-
Notifications
You must be signed in to change notification settings - Fork 99
Compile SpatialHadoop from source
This page describes how to compile SpatialHadoop from the source code and how to install the version that you compiled. This allows users to get the most recent updates instead of waiting for a release which might take more time.
You need to have the following tools installed to be abl to compile SPatialHadoop.
- JDK 1.6 or higher.
- Maven
- Git (to obtain the source code only)
First step: Obtain the source code: You can use git to get the source code from github using the command
git clone https://github.com/aseldawy/spatialhadoop2.git
If you do not wish to use git, you can download the source code as an archive from the project page at github.
Second step: Compile: Navigate to the source code directory and issue the command:
mvn compile
This will compile the source code based on Apache Hadoop 2.x.
Third step: Generate a runnable jar: To build a runnable jar file that contains the libraries of SpatialHadoop and can be run using the hadoop jar command, issue the following command:
mvn package
Notice that the generated jar contains only the classes of SpatialHadoop without any third party libraries (e.g., JTS). This means you cannot run this jar unless your Hadoop distribution has all the required libraries.

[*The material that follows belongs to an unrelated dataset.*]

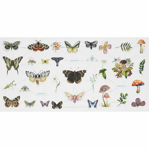 Kiitokuvia arkilla, 3 kpl. Jokainen arkki on kooltaan 16,5 × 23,5 cm. Pakkaus sisältää kolme arkkia, joissa on paljon yksityiskohtaisia ja värikkäitä perhosia kauniissa kevättanssissa. Kiiltokuvat on painettu kiiltävälle paperille ja kuvat on kiinnitetty toisiinsa. Käytä pieniä saksia tai, jos olet aikuinen, leikkaa askarteluveitsellä / taittoveitsellä.

Fourth step: Generate a portable redistributable package: The following command will generate two types of a redistributable package of SpatialHadoop, a setup package, and a portable jar:
mvn assembly:assembly
After running this command, you will find two files in the '/target' directory.
-
A JAR file that ends in '-uber.jar'. This file includes the classes of SpatialHadoop as well as all the non-standard third part libraries such as JTS and ESRI-Geometry-API. You can use this JAR file to run in a standard Apache Hadoop version. This is also a reasonable option to use with Amazon Web Services (AWS) including Amazon Elastic MapReduce (EMR) as AWS contains only standard Hadoop distributions without SpatialHadoop.
-
An archive that ships SpatialHadoop main JAR file along with other required files. All the files are laid out in a similar structure to Apache Hadoop to make it easier to install on an existing installation of Hadoop. All you need to do is to extract this package int the Hadoop home of every cluster node and then restart the cluster to let all nodes load their libraries.
We described three ways to build the binaries of SpatialHadoop and run them. There is a tradeoff between performance and portability among the three techniques as described below.
The distribution package technique is the most efficient as it injects all SpatialHadoop classes and required libraries into the Hadoop distribution so that they are all loaded at the startup on every Hadoop node. This means when you run any SpatialHadoop command, it is served directly from the classes in memory without loading any classes from disk. The drawback is that whenever you need to change the classes of SpatialHadoop, you will need to reinstall the new libraries on every Hadoop node and restart the cluster before you can use it.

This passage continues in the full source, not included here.